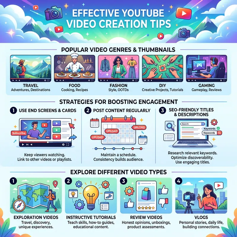 A creative collection of infographics demonstrating effective YouTube video creation tips. These infographics should include colorful thumbnails displaying various genres of content - travel, food, fashion, DIY, gaming. They also should illustrate strategies for boosting engagement such as including end screens and cards, regularly posting content, and using SEO friendly titles and descriptions. Also, showcase different types of content for YouTube such as exploration videos, instructive tutorials, review videos, and vlogs. Please, place these components against a bright, motivating background.
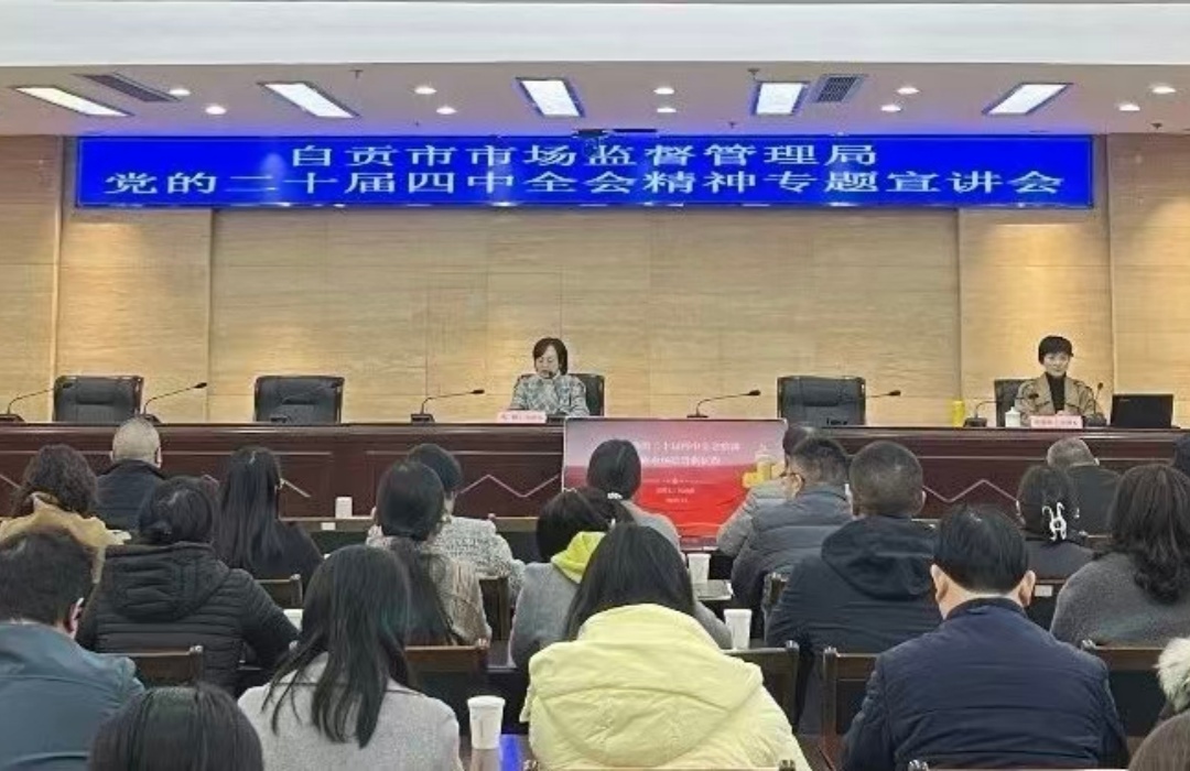 12月2日,我院副院长江凌燕副教授应邀为自贡市市场监督管理局开展党的二十届四中全会精神专题宣讲。局机关及下属事业单位全体干部职工集中参与学习。
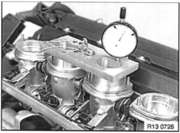 Position dial gauge plates on throttle body of cylinders 2 and 3 and throttle body of cylinders 6 and 7. Mount dial gauges in dial gauge plate supports for measuring at throttle bodies 3 and 6.
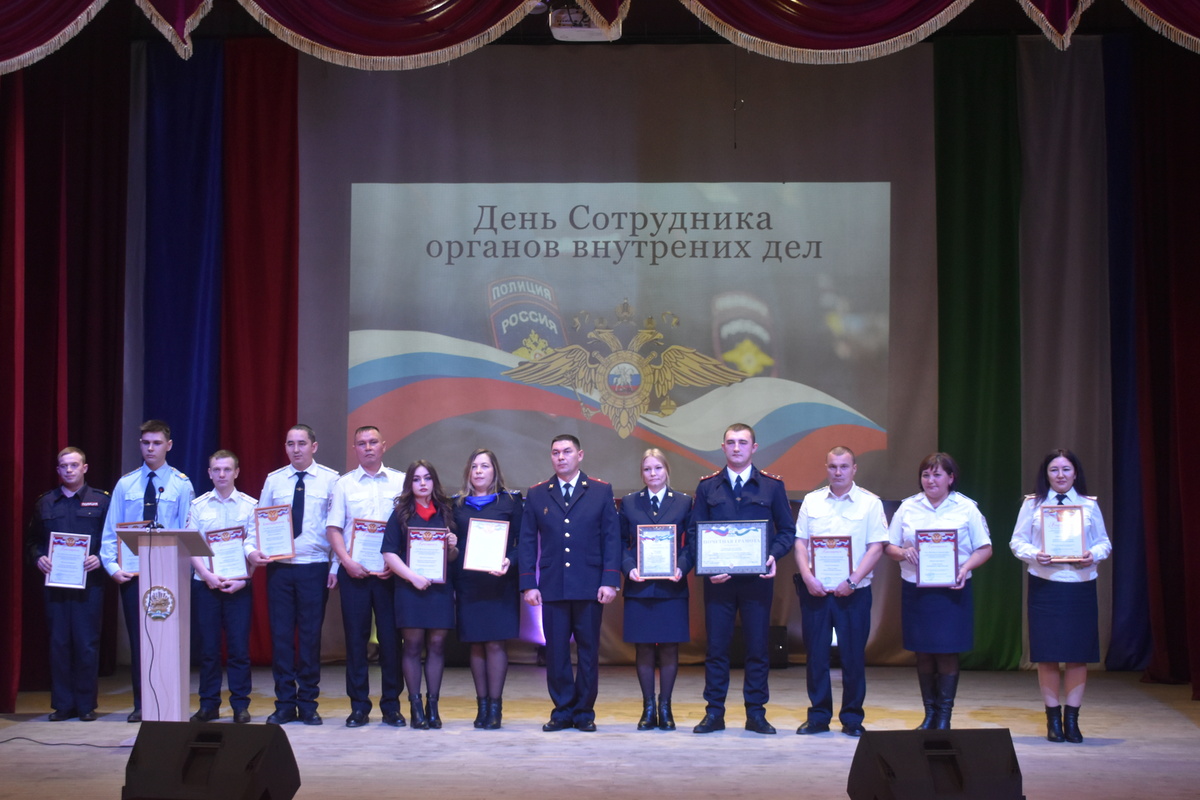 Торжественное мероприятие состоялось во Дворце культуры с. Месягутово Сегодня во Дворце культуры с. Месягутово состоялось торжественное мероприятие, посвященного Дню сотрудников внутренних дел Российской Федерации. Со словами поздравления к личному составу обратились заместитель главы Администрации района по финансовым вопросам Джамиль Муниров, начальник отдела МВД России по Дуванскому району, майор полиции Роберт Маннанов. Торжественное мероприятие продолжилось церемонией награждения. Отличившимся стражам порядка вручены ведомственные награды, Почетные грамоты и Благодарственными письма, присвоены очередные специальные звания. Награждение сопровождалось музыкальными номерами, подготовленными участниками художественной самодеятельности. Подробнее в газете от 14 ноября.

**What this task involves**
I would like the data copied exactly as it stands, with no pictures included.

**Answer**
 A creative collection of infographics demonstrating effective YouTube video creation tips. These infographics should include colorful thumbnails displaying various genres of content - travel, food, fashion, DIY, gaming. They also should illustrate strategies for boosting engagement such as including end screens and cards, regularly posting content, and using SEO friendly titles and descriptions. Also, showcase different types of content for YouTube such as exploration videos, instructive tutorials, review videos, and vlogs. Please, place these components against a bright, motivating background.
 12月2日,我院副院长江凌燕副教授应邀为自贡市市场监督管理局开展党的二十届四中全会精神专题宣讲。局机关及下属事业单位全体干部职工集中参与学习。
 Position dial gauge plates on throttle body of cylinders 2 and 3 and throttle body of cylinders 6 and 7. Mount dial gauges in dial gauge plate supports for measuring at throttle bodies 3 and 6.
 Торжественное мероприятие состоялось во Дворце культуры с. Месягутово Сегодня во Дворце культуры с. Месягутово состоялось торжественное мероприятие, посвященного Дню сотрудников внутренних дел Российской Федерации. Со словами поздравления к личному составу обратились заместитель главы Администрации района по финансовым вопросам Джамиль Муниров, начальник отдела МВД России по Дуванскому району, майор полиции Роберт Маннанов. Торжественное мероприятие продолжилось церемонией награждения. Отличившимся стражам порядка вручены ведомственные награды, Почетные грамоты и Благодарственными письма, присвоены очередные специальные звания. Награждение сопровождалось музыкальными номерами, подготовленными участниками художественной самодеятельности. Подробнее в газете от 14 ноября.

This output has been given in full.